Ketiga, kisah sahabat nabi untuk anak tentang Umar bin Khattab. Umar bin Khattab sebelum menjadi umat muslim dikenal sebagai kaum Quraisy yang sangat membenci agama islam dan Nabi Muhammad SAW. Bahkan beliau selalu memiliki niat untuk menghabisi nyawa Rasulullah. Umar terkenal sebagai orang tegas dan beringas. Jika sudah berniat pada satu hal ia akan melakukan berbagai cara untuk menyelesaikan tujuannya tersebut. Bagi Umar, Nabi Muhammad termasuk orang yang murtad dan sumber kerusuhan bani Quraisy.

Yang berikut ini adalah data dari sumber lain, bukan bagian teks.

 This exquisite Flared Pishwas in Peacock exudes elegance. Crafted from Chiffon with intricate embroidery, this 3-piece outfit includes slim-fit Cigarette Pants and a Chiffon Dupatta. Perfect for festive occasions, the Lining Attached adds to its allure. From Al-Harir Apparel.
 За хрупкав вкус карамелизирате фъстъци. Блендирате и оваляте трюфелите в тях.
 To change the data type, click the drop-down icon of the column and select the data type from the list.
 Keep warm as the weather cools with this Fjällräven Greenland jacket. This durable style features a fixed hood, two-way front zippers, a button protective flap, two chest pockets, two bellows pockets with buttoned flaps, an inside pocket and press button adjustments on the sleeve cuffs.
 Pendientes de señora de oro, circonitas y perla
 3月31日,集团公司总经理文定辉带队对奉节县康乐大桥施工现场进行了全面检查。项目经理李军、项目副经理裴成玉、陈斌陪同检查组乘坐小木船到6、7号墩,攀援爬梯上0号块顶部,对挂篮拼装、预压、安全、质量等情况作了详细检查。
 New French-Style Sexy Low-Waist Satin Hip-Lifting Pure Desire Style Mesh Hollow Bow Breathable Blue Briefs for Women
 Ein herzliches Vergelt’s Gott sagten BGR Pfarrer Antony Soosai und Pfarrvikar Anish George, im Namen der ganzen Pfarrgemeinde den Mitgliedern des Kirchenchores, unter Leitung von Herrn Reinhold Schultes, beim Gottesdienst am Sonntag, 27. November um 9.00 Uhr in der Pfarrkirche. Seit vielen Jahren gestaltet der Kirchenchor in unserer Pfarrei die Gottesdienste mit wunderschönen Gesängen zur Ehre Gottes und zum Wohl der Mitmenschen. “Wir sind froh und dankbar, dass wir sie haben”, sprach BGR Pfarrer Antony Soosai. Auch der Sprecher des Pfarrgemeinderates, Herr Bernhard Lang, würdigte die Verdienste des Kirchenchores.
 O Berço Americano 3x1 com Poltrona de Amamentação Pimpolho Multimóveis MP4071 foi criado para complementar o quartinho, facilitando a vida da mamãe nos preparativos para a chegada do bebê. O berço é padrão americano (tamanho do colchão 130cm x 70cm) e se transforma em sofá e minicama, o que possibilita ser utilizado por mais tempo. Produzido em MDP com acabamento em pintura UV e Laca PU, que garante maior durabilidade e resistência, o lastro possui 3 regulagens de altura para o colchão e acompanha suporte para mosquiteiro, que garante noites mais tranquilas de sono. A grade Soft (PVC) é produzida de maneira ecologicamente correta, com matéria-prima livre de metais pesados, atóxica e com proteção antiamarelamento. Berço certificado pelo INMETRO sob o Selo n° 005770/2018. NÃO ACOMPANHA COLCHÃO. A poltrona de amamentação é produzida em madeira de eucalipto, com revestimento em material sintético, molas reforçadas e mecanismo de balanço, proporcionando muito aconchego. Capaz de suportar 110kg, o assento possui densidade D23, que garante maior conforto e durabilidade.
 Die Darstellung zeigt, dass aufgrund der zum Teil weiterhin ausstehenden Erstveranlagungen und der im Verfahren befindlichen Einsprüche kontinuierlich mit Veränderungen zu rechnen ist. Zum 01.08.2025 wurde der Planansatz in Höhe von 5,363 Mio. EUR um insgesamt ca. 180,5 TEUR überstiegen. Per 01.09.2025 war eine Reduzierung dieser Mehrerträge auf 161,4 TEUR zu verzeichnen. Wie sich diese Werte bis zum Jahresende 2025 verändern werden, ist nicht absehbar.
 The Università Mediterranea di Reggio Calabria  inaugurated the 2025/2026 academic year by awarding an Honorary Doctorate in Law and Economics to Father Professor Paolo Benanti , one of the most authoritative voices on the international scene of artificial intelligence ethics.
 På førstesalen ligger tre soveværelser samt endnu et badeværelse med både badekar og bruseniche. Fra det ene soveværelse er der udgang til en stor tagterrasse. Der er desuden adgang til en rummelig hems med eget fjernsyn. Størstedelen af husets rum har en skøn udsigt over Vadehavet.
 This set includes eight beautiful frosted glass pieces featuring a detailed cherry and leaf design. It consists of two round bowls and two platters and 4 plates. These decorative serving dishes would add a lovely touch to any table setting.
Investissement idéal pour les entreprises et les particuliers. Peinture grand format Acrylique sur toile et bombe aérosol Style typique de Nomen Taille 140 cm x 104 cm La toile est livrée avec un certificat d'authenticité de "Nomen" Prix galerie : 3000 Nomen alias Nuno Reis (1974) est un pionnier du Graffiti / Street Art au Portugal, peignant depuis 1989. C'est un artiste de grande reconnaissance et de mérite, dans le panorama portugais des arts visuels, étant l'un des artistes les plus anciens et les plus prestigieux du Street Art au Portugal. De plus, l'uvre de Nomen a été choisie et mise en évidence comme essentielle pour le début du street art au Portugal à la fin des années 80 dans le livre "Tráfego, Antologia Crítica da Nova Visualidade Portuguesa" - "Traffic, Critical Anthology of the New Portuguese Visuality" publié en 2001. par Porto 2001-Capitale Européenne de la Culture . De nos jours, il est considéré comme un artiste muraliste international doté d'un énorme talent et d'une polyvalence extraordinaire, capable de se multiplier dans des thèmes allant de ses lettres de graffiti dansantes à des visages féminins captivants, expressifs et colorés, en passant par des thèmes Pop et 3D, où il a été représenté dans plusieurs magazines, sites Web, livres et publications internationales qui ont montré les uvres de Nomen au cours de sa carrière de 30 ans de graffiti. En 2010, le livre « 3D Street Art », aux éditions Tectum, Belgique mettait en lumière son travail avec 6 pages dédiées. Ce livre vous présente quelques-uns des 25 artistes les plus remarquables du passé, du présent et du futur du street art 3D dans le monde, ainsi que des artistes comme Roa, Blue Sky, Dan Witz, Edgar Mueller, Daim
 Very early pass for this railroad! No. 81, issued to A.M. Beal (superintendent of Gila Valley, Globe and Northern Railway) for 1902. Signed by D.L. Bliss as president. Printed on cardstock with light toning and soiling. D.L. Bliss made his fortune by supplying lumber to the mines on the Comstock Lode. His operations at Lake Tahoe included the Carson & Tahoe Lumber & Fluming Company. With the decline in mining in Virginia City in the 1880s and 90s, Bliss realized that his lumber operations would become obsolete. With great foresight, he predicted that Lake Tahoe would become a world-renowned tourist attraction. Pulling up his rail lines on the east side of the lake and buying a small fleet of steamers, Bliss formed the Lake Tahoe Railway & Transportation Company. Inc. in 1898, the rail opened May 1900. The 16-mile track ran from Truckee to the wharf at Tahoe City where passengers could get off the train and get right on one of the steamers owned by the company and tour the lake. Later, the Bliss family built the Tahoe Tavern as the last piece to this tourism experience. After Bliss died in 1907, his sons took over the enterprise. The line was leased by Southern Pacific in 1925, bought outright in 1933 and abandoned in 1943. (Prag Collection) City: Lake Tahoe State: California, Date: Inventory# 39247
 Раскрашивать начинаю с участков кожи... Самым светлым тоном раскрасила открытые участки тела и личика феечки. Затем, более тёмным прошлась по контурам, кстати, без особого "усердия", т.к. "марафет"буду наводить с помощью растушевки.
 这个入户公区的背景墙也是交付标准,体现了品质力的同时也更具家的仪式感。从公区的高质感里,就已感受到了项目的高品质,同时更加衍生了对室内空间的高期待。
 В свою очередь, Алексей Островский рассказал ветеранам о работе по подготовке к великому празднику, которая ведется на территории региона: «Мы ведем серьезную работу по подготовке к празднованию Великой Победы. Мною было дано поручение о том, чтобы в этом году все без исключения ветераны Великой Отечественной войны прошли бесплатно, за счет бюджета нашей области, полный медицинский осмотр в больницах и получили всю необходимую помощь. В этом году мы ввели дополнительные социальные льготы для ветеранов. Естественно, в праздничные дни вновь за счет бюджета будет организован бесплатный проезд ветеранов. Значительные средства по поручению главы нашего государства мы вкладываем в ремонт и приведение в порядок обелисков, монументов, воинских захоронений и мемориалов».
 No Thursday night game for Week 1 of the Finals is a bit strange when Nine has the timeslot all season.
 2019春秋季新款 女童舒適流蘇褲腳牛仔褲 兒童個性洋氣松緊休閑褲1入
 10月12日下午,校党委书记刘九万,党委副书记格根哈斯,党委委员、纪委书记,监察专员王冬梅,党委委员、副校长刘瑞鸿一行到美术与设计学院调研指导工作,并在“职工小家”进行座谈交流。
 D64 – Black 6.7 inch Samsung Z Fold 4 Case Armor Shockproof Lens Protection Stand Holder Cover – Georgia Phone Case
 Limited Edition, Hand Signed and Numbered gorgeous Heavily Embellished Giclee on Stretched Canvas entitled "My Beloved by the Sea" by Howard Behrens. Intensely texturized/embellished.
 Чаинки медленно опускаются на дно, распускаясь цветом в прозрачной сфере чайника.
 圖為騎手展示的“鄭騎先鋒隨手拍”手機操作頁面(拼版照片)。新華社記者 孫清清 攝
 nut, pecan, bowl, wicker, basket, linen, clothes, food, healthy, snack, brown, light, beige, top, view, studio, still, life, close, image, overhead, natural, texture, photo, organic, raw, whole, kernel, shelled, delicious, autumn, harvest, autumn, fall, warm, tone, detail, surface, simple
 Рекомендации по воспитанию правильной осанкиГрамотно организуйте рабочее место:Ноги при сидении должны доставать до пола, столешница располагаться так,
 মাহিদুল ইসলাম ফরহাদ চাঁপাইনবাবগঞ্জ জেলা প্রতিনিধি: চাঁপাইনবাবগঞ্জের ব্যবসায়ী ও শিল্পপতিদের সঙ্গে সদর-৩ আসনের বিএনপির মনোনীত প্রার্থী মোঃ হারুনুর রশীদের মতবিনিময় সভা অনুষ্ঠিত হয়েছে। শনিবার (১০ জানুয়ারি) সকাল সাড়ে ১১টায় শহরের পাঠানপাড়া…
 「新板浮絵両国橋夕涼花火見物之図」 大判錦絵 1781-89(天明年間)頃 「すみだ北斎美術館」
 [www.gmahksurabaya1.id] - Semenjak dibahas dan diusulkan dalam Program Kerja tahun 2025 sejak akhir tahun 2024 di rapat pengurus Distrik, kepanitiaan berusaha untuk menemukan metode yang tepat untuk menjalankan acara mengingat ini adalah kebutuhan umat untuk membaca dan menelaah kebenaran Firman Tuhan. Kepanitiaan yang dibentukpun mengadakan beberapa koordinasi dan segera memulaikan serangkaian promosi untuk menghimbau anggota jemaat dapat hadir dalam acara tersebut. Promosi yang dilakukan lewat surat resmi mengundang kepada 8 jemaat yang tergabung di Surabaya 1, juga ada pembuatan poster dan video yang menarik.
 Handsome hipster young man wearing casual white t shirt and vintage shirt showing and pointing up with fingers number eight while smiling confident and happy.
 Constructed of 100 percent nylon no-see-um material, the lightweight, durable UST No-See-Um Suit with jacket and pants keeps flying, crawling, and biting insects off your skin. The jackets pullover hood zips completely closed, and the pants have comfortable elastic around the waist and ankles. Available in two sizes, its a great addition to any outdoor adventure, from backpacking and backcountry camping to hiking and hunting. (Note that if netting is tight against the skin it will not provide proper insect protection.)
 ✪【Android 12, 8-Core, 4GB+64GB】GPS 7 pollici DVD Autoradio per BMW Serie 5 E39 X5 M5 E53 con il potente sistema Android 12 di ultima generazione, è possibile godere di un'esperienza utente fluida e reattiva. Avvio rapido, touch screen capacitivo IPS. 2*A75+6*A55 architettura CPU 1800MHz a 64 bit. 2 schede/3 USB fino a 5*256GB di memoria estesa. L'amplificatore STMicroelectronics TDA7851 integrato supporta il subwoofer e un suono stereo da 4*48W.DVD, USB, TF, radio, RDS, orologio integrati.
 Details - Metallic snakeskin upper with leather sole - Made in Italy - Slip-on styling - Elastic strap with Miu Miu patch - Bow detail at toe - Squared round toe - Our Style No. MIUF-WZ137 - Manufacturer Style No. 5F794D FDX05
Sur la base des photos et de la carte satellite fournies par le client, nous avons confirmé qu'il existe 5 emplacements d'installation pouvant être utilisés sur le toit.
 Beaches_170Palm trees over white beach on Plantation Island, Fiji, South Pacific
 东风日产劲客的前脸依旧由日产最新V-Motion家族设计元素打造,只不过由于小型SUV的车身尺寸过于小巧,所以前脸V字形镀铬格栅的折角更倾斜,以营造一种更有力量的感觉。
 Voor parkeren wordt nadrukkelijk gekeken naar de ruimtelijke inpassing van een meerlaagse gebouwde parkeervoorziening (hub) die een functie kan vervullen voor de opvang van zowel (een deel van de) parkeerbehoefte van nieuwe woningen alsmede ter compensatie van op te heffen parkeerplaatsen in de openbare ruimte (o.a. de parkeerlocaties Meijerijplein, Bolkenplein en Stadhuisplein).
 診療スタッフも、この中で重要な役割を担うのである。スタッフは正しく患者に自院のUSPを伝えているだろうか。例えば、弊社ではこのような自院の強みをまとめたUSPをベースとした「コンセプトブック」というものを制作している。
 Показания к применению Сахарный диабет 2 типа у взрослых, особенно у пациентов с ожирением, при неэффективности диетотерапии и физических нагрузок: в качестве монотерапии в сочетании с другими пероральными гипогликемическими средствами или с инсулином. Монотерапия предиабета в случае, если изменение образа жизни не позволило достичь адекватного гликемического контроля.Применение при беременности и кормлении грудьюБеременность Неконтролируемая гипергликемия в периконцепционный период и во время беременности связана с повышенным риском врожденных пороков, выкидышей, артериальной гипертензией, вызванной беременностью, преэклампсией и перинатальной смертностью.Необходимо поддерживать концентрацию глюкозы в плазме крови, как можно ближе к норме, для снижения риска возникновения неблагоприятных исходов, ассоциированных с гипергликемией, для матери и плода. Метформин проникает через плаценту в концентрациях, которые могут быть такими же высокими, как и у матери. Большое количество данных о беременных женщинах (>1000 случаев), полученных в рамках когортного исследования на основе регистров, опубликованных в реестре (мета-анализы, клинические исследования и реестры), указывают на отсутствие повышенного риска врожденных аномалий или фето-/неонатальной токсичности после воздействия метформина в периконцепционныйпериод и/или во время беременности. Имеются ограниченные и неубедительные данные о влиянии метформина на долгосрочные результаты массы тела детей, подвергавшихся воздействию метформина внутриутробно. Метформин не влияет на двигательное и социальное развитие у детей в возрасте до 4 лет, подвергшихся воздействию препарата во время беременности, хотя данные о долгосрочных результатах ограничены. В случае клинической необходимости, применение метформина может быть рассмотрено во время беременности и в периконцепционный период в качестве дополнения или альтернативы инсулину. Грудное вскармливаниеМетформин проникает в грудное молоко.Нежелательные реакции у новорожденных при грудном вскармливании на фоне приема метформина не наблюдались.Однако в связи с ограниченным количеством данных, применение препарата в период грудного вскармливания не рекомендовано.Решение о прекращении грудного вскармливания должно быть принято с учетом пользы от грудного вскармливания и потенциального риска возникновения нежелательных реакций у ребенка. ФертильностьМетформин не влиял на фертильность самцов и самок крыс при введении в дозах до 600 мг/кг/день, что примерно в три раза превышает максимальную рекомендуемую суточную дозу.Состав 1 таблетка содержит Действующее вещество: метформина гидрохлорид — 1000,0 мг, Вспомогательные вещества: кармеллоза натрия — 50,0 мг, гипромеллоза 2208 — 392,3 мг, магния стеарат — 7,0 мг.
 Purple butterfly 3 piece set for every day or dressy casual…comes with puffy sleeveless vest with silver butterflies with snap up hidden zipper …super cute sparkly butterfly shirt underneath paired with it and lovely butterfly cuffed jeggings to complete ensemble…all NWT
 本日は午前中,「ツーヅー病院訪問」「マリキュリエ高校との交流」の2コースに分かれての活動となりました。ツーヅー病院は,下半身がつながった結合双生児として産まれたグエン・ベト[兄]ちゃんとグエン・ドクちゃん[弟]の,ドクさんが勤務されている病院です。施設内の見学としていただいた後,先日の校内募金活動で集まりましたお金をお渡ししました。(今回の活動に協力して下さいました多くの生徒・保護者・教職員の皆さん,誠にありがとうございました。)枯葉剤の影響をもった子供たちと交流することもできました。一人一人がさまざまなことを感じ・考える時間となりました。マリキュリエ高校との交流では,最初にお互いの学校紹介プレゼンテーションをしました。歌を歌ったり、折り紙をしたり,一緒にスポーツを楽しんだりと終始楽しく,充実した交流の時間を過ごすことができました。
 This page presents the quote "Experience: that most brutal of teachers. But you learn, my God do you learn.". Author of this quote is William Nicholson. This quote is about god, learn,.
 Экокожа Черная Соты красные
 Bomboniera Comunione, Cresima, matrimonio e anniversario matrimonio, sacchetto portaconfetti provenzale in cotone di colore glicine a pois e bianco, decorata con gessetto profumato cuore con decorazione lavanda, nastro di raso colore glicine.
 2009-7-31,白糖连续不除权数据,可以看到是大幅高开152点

Tetapi, hati Umar terketuk setalah membaca Al-Qur’an surah Thaha ayat 14-16. Umar pun membaca ayat Al’Qur’an secara tidak sengaja. Alasan ia membaca karena penasaran dengan isi Al-Qur’an yang dipegang oleh adiknya. Ketika itu, Umar sangat marah dengan Fatimah yang sudah memeluk agama islam. Kemarahan Umar membuatnya datang ke rumah adiknya dan tega bertindak kasar terhadap Fatimah dan Zaid. Kemudian, Umar mendapati sang adik menyembunyikan sesuatu dibalik baju dan barang itu adalah Al’Qur’an.

Fatimah melarang Umar membaca Al-Qur’an jika belum suci dari kemarahan dan kotoran debu. Setelah membersihkan diri Umar membaca Al-Qur’an dan terkejut dengan bahasa beserta kandungannya. Melihat kalimat-kalimat yang tertera di Al-Qur’an membuat Umar ingin segera bertemu dengan Rasulullah untuk menerima penjelasan, meminta maaf dan pada akhirnya bersyahadat pada saat itu juga.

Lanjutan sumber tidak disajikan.